Stone Age statuettes don disputed apparel
By Bruce Bower
Ancient carved figurines of women have long attracted speculation as possible fertility symbols, mother goddesses, gynecological teaching devices, or even Stone Age erotica. More than 200 of these figures have been found at archaeological sites from France to Russia and have been dated to around 27,000 to 20,000 years ago.
These ancient creations, known as Venus figurines, often display exaggerated genitals, breasts, stomachs, and buttocks. On closer inspection, however, many Venus figurines wear carved renderings of finely woven caps, hairnets, belts, bands across the chest, and skirts, as well as necklaces and bracelets, according to a controversial report in the August–October Current Anthropology.
“We’re not addressing the meaning of these figurines, but we’ve shown that there’s clothing on some of them,” says Olga Soffer of the University of Illinois at Urbana-Champaign, who directed the study. “They depict a fiber-weaving technology that until recently we didn’t know existed in the Stone Age.”
Soffer and her coworkers previously identified impressions of woven material on 27,000-year-old pottery from a Czech Republic site (SN: 5/23/98, p. 332: https://www.sciencenews.org/sn_arc98/5_23_98/bob1.htm). Many archaeologists regard this as the oldest known evidence of weaving.
Soffer concludes that some Venus figurines were “richly and elaborately clad in the woven and plaited finery of their time.” Her work has received much media attention in the past year, and scientific critiques are now emerging, including several published with the new report.

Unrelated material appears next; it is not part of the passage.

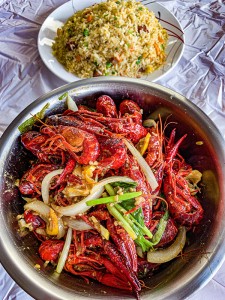 “We get our crawfish from Louisiana,” says our server, and although it was not the heart of crawfish season when we visited, he recommended that we try them. Soon we were presented with the necessary plastic crawfish gloves, a bowl for crawfish shells, and a steaming bowl of boiled crawfish coated with Captain T Special sauce and mixed with onions and cooked lemons. For those who have only tried Cajun style, Viet-Cajun is a must. The freshly made sauces add an extra burst of flavor that compliment without overpowering the taste of the crawfish.

In its analysis of the carvings, Soffer’s team identifies regional differences in Venus apparel. In western Europe, the figurines often exhibit a hair net, depicted as crisscrosses, and, in some cases, show a belted string skirt. A French find known as the Venus of Lespugue wears a belted skirt low on the hip, beneath protruding buttocks, the researchers assert.
In central and eastern Europe, figurines feature hats that portray a style of weaving using coils of fiber, the researchers contend. In their view, woven upper-body bands, belts, and jewelry also appear on many of these Venuses. In central Europe and farther west, belts on Venus figurines hang low on the hip; in eastern Europe, belts circle the waist, Soffer’s team says.
The researchers describe about two-dozen figurines that wear clothing. Stone Age women took charge of weaving and basketry, as they do in traditional societies today, the scientists propose. The detail portrayed indicates that women either carved the clad Venuses or guided those who did, the team theorizes.
Linda R. Owen of the University of Tübingen in Germany calls the new report a “spectacular” insight into the life of prehistoric women.
However, some of the evidence appears dubious, says Margherita Mussi of the University of Rome. For example, Venus of Lespugue most likely portrays two women, one of them upside down, Mussi holds. The alleged skirt is actually the hair of the upside-down woman, she says.
Also, even the allegedly clad figurines remain largely nude and emphasize sexuality, says Janusz K. Kozlowski of Jagiellonian University in Kraków, Poland.
“The vast majority of Venus figurines don’t have good evidence of clothing of any type,” contends Randall K. White of New York University. Many suspected examples of woven caps might instead depict hairstyles, he says.
Although women are weavers in modern foraging groups, researchers can’t assume that they played that role in the Stone Age, he adds.